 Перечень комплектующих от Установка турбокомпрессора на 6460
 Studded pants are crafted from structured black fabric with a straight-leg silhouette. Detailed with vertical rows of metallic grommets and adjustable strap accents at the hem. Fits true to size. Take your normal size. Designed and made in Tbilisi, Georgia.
--
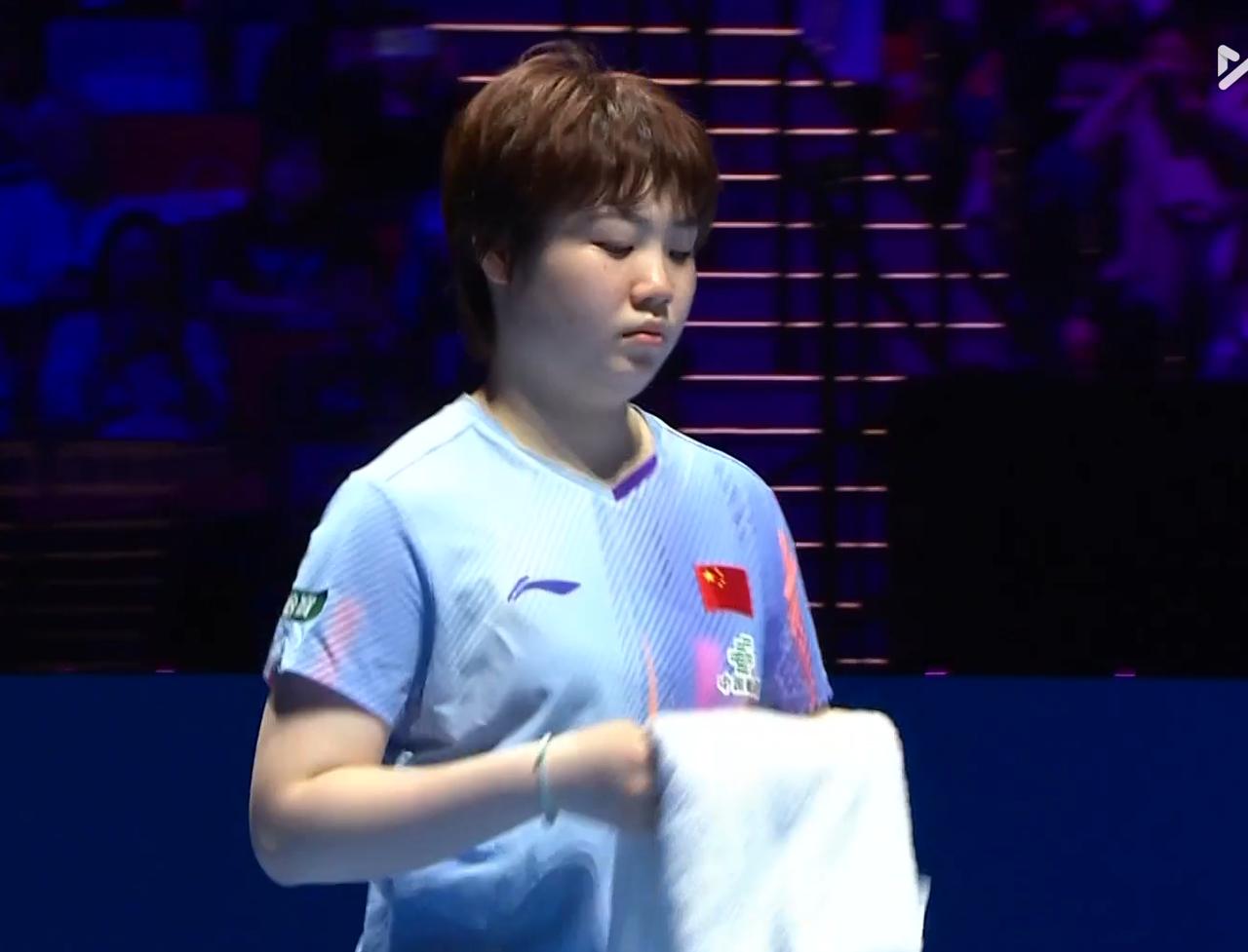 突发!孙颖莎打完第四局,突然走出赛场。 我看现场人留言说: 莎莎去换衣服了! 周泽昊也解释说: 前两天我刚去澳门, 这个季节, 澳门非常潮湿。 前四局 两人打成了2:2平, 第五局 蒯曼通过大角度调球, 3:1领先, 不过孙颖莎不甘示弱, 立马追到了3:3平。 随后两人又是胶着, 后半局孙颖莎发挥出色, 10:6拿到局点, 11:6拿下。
--
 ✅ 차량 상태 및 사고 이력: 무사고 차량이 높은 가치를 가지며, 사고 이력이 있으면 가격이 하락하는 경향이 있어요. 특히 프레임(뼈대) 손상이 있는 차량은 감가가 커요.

[TASK DIRECTIONS]
Write out, from the lines above, only those from the line with "Перечень комплектующих от" to the line with "Studded pants are", exactly as given, including the first and the last.

[ANSWER SPACE]
 Перечень комплектующих от Установка турбокомпрессора на 6460
 Studded pants are crafted from structured black fabric with a straight-leg silhouette. Detailed with vertical rows of metallic grommets and adjustable strap accents at the hem. Fits true to size. Take your normal size. Designed and made in Tbilisi, Georgia.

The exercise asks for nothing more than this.